Выбрать главу

Изображая внешность Угрюм-Бурчеева, Щедрин говорит:

«Портрет этот производит впечатление очень тяжелое. Пред глазами зрителя восстает чистейший тип идиота, принявшего какое-то мрачное решение и давшего себе клятву привести его в исполнение. Идиоты вообще очень опасны, и даже не потому, что они неизменно злы (в идиоте злость или доброта — совершенно безразличное качество), а потому, что они чужды всяким соображениям и всегда идут напролом, как будто дорога, на которой они очутились, принадлежит исключительно им одним. Издали может показаться, что это люди хотя и суровых, но крепко сложившихся убеждений, которые сознательно стремятся к твердо намеченной цели. Однако это оптический обман, которым отнюдь не следует увлекаться».

И дальше:

«Если бы вследствие усиленной идиотской деятельности даже весь мир обратился бы в пустыню, то и этот результат не устрашил бы идиота. Кто знает, быть может, пустыня и представляет в его глазах именно ту обстановку, которая изображает собою идеал человеческого общежития.

Вот это-то утвержденное и вполне успокоившееся в самом себе идиотство и поражает зрителя в портрете Угрюм-Бурчеева. На лице его не видно никаких вопросов; напротив того, во всех чертах выступает какая-то солдатскиневозмутимая уверенность, что все вопросы давно уже решены».

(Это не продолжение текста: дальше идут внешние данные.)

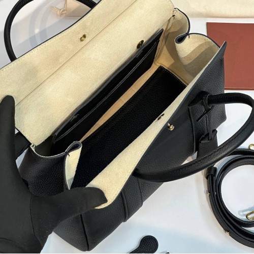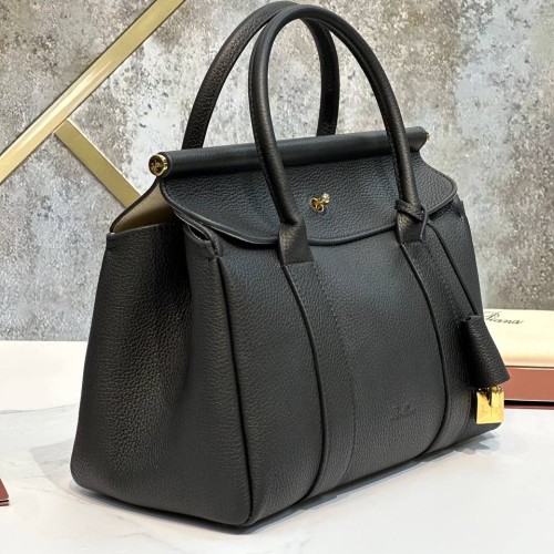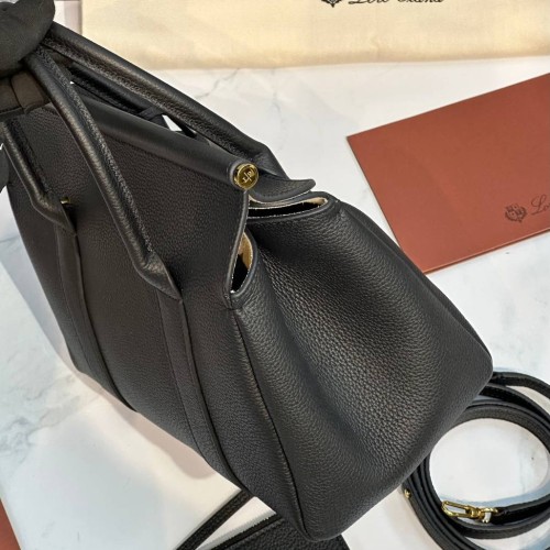 Черная сумка Loro Piana из натуральной кожи. Минималистичный дизайн расширяет вариативность стилизаций сумки. Фурнитура в благородном золотом оттенке вносит в дизайн тонкие выразительные детали. В модели предусмотрены короткие ручки и длинный ремень. В нашем интернет-магазине вы можете купить копии сумок с доставкой по Москве и по всей России.

Старое доверие к Аракчееву, возникшее еще в те годы, когда он заслонял от помешанного на воинских пустяках грозного отца юного Александра, /64/ в позднейшие годы тихого и неизлечимого религиозного помешательства Александра приняло патологические размеры.

Чем были военные поселения и как осуществлялся этот кантонистский бред — слишком известно. Тяжелое наследие сумасшедшего отца сказалось и в других случаях Александровского царствования. Например, в усмирении любимого Александром Семеновского полка, которому в командиры был дан «идиот», достойный Аракчеевской эпохи, Шварц.

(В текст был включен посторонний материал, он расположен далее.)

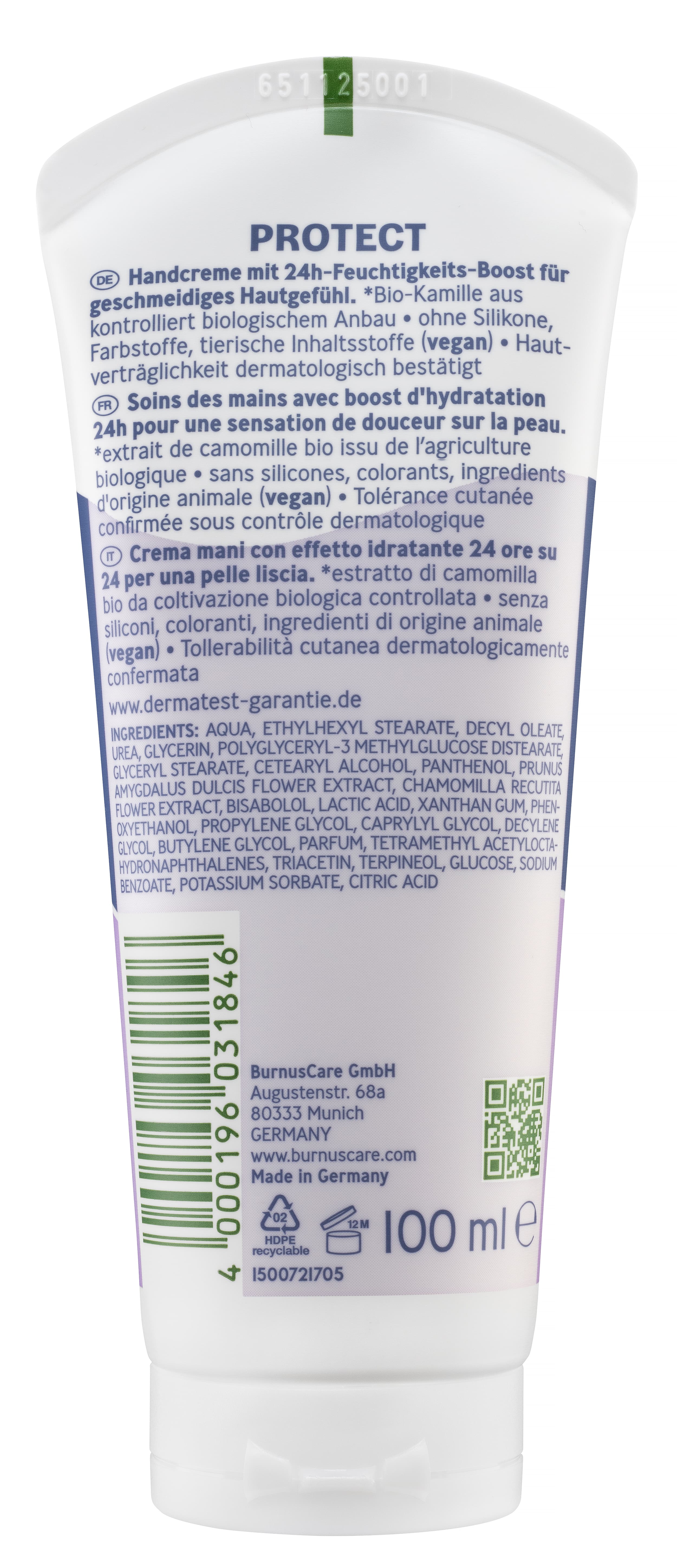 | Inhaltsstoffe | AQUA, ETHYLHEXYL STEARATE, DECYL OLEATE, UREA, GLYCERIN, POLYGLYCERYL-3 METHYLGLUCOSE DISTEARATE, GLYCERYL STEARATE, CETEARYL ALCOHOL, PANTHENOL, PRUNUS AMYGDALUS DULCIS FLOWER EXTRACT, CHAMOMILLA RECUTITA FLOWER EXTRACT, BISABOLOL, LACTIC ACID, XANTHAN GUM, PHENOXYETHANOL, PROPYLENE GLYCOL, CAPRYLYL GLYCOL, DECYLENE GLYCOL, BUTYLENE GLYCOL, PARFUM, TETRAMETHYL ACETYLOCTAHYDRONAPHTHALENES, TRIACETIN, TERPINEOL, GLUCOSE, SODIUM BENZOATE, POTASSIUM SORBATE, CITRIC ACID, TOCOPHEROL, HYDROGENATED VEGETABLE GLYCERIDES CITRATE |

Сказалось это и в университетских неистовствах Магницкого и Рунича, и в закрытии Библейского общества, в увольнении Голицына стараниями Аракчеева и, Фотия и, наконец, в увлечении Александра этим темным изувером Фотием.

Были у Александра светлые промежутки. Он вернул Сперанского и поручил ему опять мудрить над конституцией. Но из этого опять ничего не вышло, и конституционность Александра так и осталась средством для наружного употребления, а эти средства, как известно, внутрь обычно не принимаются.

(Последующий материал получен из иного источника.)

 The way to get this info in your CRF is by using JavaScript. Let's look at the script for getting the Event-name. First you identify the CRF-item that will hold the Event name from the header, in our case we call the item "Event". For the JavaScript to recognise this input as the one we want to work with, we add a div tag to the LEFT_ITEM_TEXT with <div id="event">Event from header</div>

Душевная болезнь Александра не принимала такого острого течения, как у его отца, но венценосец все же не находил себе ни места, ни успокоения.

Трагедия Александра не была только его личной трагедией. Это трагедия царизма. Человек, достигший величайшей мировой славы и могущества, неограниченный властелин, повелевавший миллионами, единственный монарх в Европе, обладавший, казалось бы, полной возможностью осуществлять свои намерения, царь, которого не стесняли ни парламенты, ни палаты лордов или господ, не связанный никакими конституциями, на вершине славы и могущества — чувствует свое полнейшее бессилие и роковую бесплодность всех своих начинаний.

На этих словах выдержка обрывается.